Esperei que ele completasse a idéia com algum argumento lido nos
fóruns de swing da revista Ele/Ela. Como manteve o silêncio
enquanto bebia mais um verde, intervim:
- por quê?
- é burrinho mesmo, né? agora fica “por quê”, “por quê”...
bem, porque sim. você compõe as músicas que canta?
- não.
- então você as escolhe.
- é.
- demora para escolher?
- ah, cara, é meio como uma paixão momentânea, escuto algo novo de
algum compositor e digo é essa, é a própria música que me
pega. na verdade, ela me chama, se mostra para mim. mas depois tem
que trabalhar o arranjo, encaixar na minha voz, aprender a variar no
tempo de execução... – Eu estava excitado por poder falar de algo
que conhecia em meio a tanta exposição de sabedoria daquele bêbado.
Só então me lembrei: - mas o que isso tem a ver com as mulheres?

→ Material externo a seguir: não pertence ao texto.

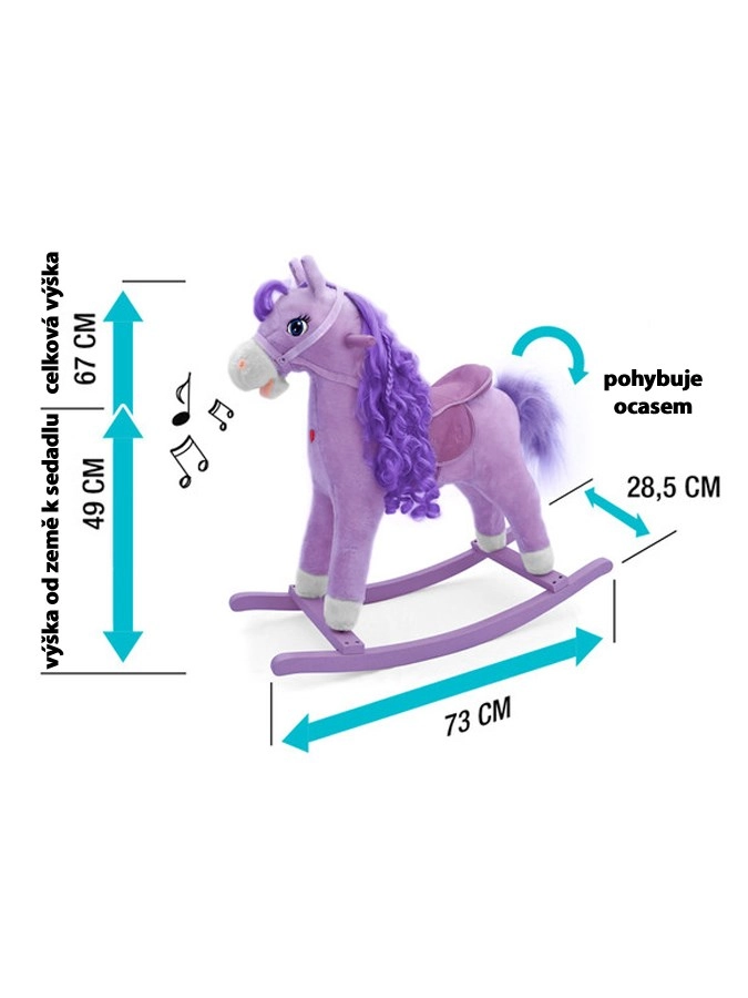 Dank der Möglichkeit, das Schaukelgestell zu demontieren, erhalten Sie zwei Spielzeuge in einem – ein Schaukelpferd und eine separate Plüschfigur. Die Verpackung in einer Box eignet sich auch als schönes Geschenk. Batterien sind nicht enthalten, sodass Sie eine hochwertige Stromquelle nach Ihren Vorlieben wählen können.

- trate sua mulher como trata sua música.
Eu não sabia se me sentia tonto pela quantidade de bebida na cabeça
ou pela falação retórica do Carlos, mas por alguns segundos não
consegui focar corretamente os olhos, me sentia dentro de um
delirante conto do Charles Bukowski. Talvez faltasse alguma mulher
maluca gritando ou alguém vomitando, porém eu percebia a mesma
amorosa consternação em ambos as reflexões, a do escritor e a do
bêbado da minha frente.
- você ama suas músicas, não é?
- sim... – Ele tinha razão. Eu não deveria reclamar por não
receber amor das mulheres que me cercavam. Se eu escolhesse a quem
amar, a recompensa estaria intrínseca. Eu amaria, que era o que
importava, que me faltava para ser feliz. – sim, você tá certo. –
Sorri e levantei o copo prum brinde, mas percebi que sua bebida havia
terminado. – Garção, dá uma dessas bebidas verdes para o meu
amigo Bicauisque aqui.
Ele sorriu e brindou comigo. Tentei relaxar o ambiente com uma piada.
A conversa ainda estava densa no ar.
- cara, esse treco verde, isso é a porra do hulk?
- não, mas a minha ta aqui, quer provar? – Ele respondeu de
bate-e-pronto, as mãos segurando o cós da calça.
- você já tinha escutado isso antes, né?
- é.
Sim, um palavrão bem colocado valia mais que mil poesias chatas.